Question

Result of scanpy tools rank_genes_groups

0

Entering edit mode

4.0 years ago

el24 ▴ 40

Hi everyone, I'm clustering my single-cell data using Scanpy package, and I use rank_gene_groups to rank genes for characterizing groups. This returns names, scores, logfoldchanges, and pvals_adj for my Anndata format. I'm trying to interpret scores for this data, but I couldn't find any information except their source code. The values for scores are usually between about 1.2 to 39. This range doesn't make sense based on their definition, as below:

scores: structured `np.ndarray` (`.uns['rank_genes_groups']`)
    Structured array to be indexed by group id storing the z-score
    underlying the computation of a p-value for each gene for each
    group. Ordered according to scores.

A couple of lines from my result is shown as follows. 0-n means the 'name' of cluster 0, followed by 0_s as 'scores', 0-p as 'pvals_adj', and 0_l as 'logfoldchanges' for cluster 0. Afterward, we have the same data for other clusters. (I have 5 clusters, but not all are shown in the image)

Could you please tell me what "scores" really mean in this result? Your help would be much appreciated! Thanks a lot in advance!

gene scanpy seurat rank_gene_groups clustering • 6.4k views

ADD COMMENT • link updated 3.6 years ago by Raz ▴ 10 • written 4.0 years ago by el24 ▴ 40

0

Entering edit mode

What makes you think 1.2 to 39 doesn't make sense for z-score?

ADD REPLY • link 4.0 years ago by shoujun.gu ▴ 350

0

Entering edit mode

Hi @shoujun.gu

The reason is that they are all positive values so I was wondering how could it be possible?! unless these are absolute values for z score, but I am not sure.

ADD REPLY • link 4.0 years ago by el24 ▴ 40

0

Entering edit mode

The default setting of "tl.rank_genes_groups" is to return top 100 marker gene. I think all positive z-score is expected.

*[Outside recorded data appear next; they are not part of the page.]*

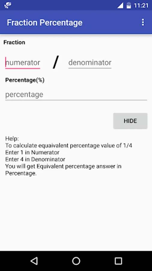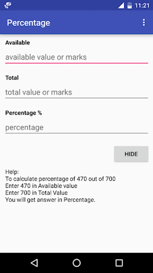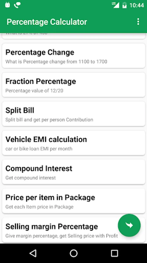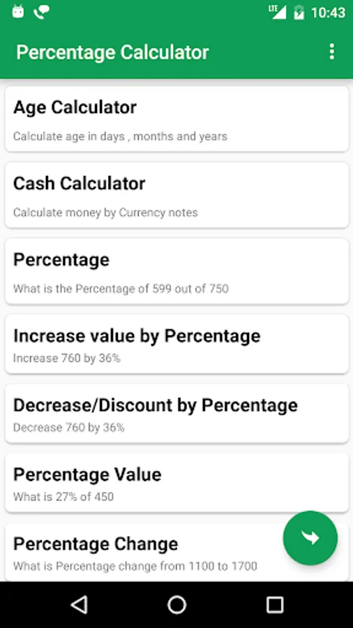 It is a perfect app to calculate percentage in a two steps. Calculate increase percentage decrease percentage, EMI calculations, Currency Calculations, Age calculator also there.
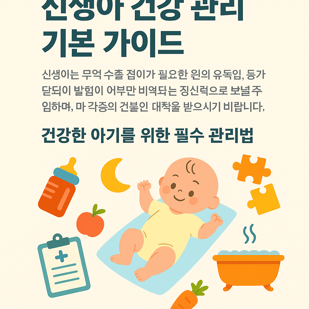 신생아는 인생에서 가장 섬세하고 민감한 시기를 보내는 존재입니다. 출산 직후부터 생후 1개월까지는 외부 환경에 적응해 나가는 중요한 시기로, 이 시기의 건강 관리는 아이의 평생 면역력과 성장 발달에 결정적인 영향을 미칩니다. 하지만 대부분의 초보 부모는 아기의 울음, 수면 패턴, 분유 수유량, 체온 변화, 기저귀 교환 등 모든 것이 낯설고 어렵게 느껴질 수 있습니다. 작은 변화에도 당황하고, 무엇이 정상이고 어떤 경우 병원을 찾아야 하는지 몰라 불안해하는 경우가 많습니다. 신생아는 스스로 몸을 보호할 수 없고, 감염에 매우 취약합니다. 이 시기에 가장 중요한 것은 청결한 환경을 유지하고, 적절한 체온을 유지하며, 영양을 안정적으로 공급하는 것입니다. 또 아기의 행동을 관찰해 이상 신호를 빠르게 파악하고, 필요 시 전문가의 도움을 받을 수 있는 민감성과 준비도 필요합니다. 이 글은 처음 육아를 시작하는 부모들을 위해, 신생아의 건강을 안전하게 지키기 위한 기본적인 관리 방법을 체계적으로 소개합니다. 올바른 수유법과 수면 환경 조성, 피부와 배꼽 위생, 예방접종, 황달·변비·설사 같은 흔한 증상에 대한 대처법까지 실제 가정에서 당장 실천할 수 있는 실용적인 가이드를 담고 있습니다. 혼란스럽고 긴장의 연속일 수 있는 초보 육아 시기지만, 기본을 이해하고 실천하는 것만으로도 아기의 건강은 충분히 잘 지켜낼 수 있습니다. 이 글을 통해 ‘건강한 첫 30일’을 안정적으로 설계할 수 있도록 도와드리겠습니다.
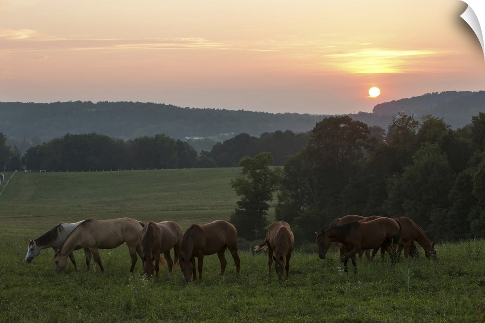 <p>Horses graze on grass at sunset in rural farmland. Millersburg, Ohio</p>
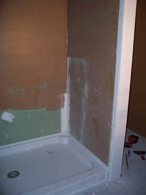 Then we noticed a gap of 2 1/2" on the wall separating the toilet and shower. He had to build it out, sheetrock and mud it. I am going in to paint it right now! Talk about coming in just before the wire!
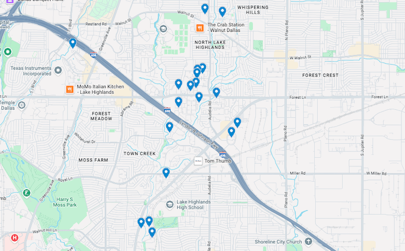 Lake Highlands has 20 “traveling HFCs,” more than any other neighborhood in the city of Dallas. (Google Maps)
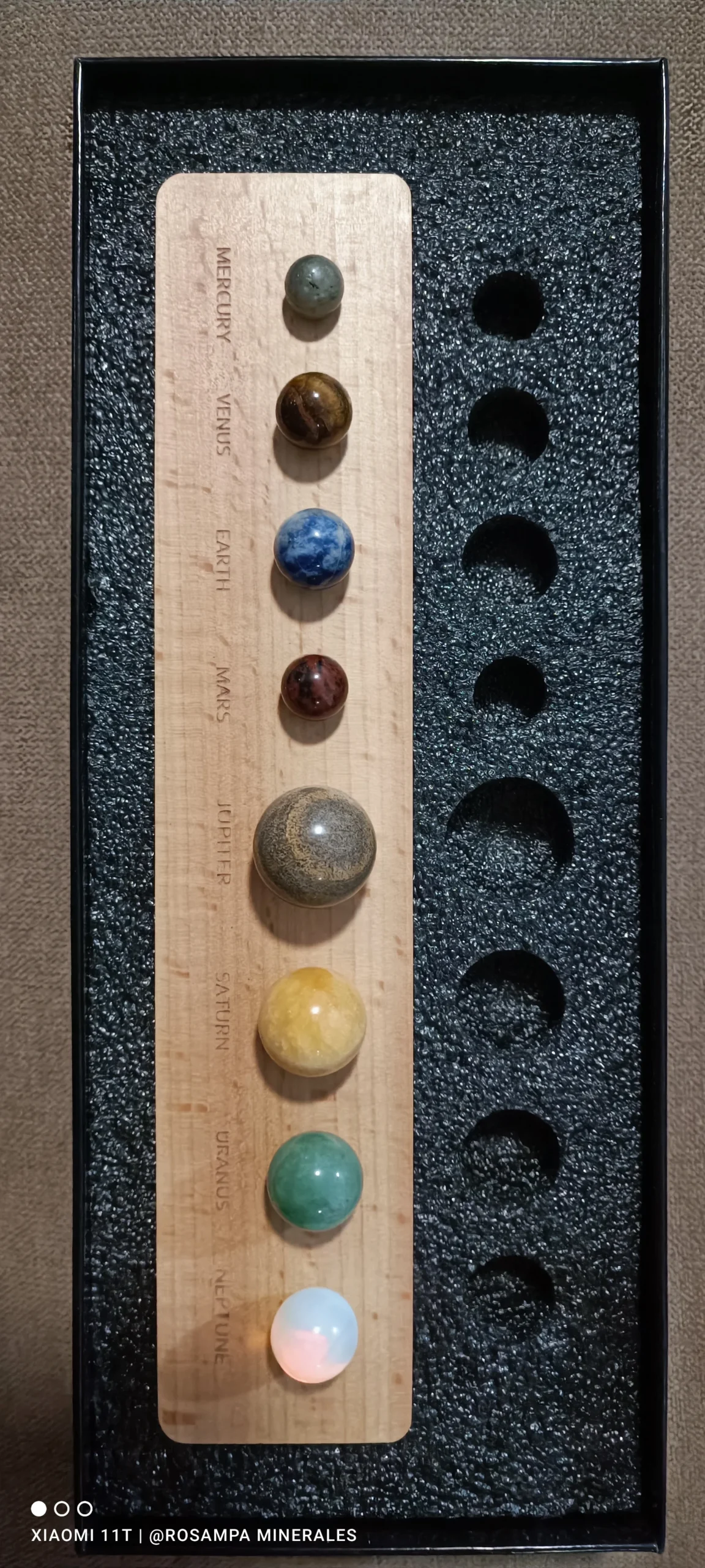 Kit educativo del Sistema Solar que incluye los 8 planetas en forma de esferas tipo gema, montados sobre una elegante base de madera. Diseñado para niños a partir de 6 años, este juego didáctico fomenta el aprendizaje de la astronomía y la ciencia STEM de manera visual y divertida.

ADD REPLY • link 4.0 years ago by shoujun.gu ▴ 350

0

Entering edit mode

Yes, it's correct that the default is n_genes=100, but I'm using all available genes as n_genes=adata.to_df().shape[1] in my code.

ADD REPLY • link 3.9 years ago by el24 ▴ 40

1

Entering edit mode

In the source code, 'rank_genes_groups' uses stats.ttest_ind_from_stats() for default method, which returns t-statistics. You may double check the value of your adata.shape[1], or try using something like adata.raw.shape[1] or adata.X.toarray().shape[1].

ADD REPLY • link 4.0 years ago by shoujun.gu ▴ 350

0

Entering edit mode

Sorry for the confusion, I updated my response above as I forgot to write the to_df() function above but I had it in my code. I have used n_genes=adata.to_df().shape[1] so that part is fine and I could see the size of the output is as I expect. Although the other way also works for me - without using to_df()

ADD REPLY • link 3.9 years ago by el24 ▴ 40

score 0 · Answer 1 · 2020-09-05

Hi @el24,

I have a question for you, I also would like to use scanpy for getting differntially expressed genes between to time-points data. But I do not know how to write my data in the AnnData format, if you know, could you please help me?

For each time-point, I have 200 cells and 10000 genes, and a gene expression matrix with this dimension. Let suppose A0 and A10 are the gene expression matrices for time-pints 0 and 10. c1-c200 are the cell names for time-point 0 and c201-c400 are the cell names for time-point 10.

I would be thankful if you help me to solve this issue.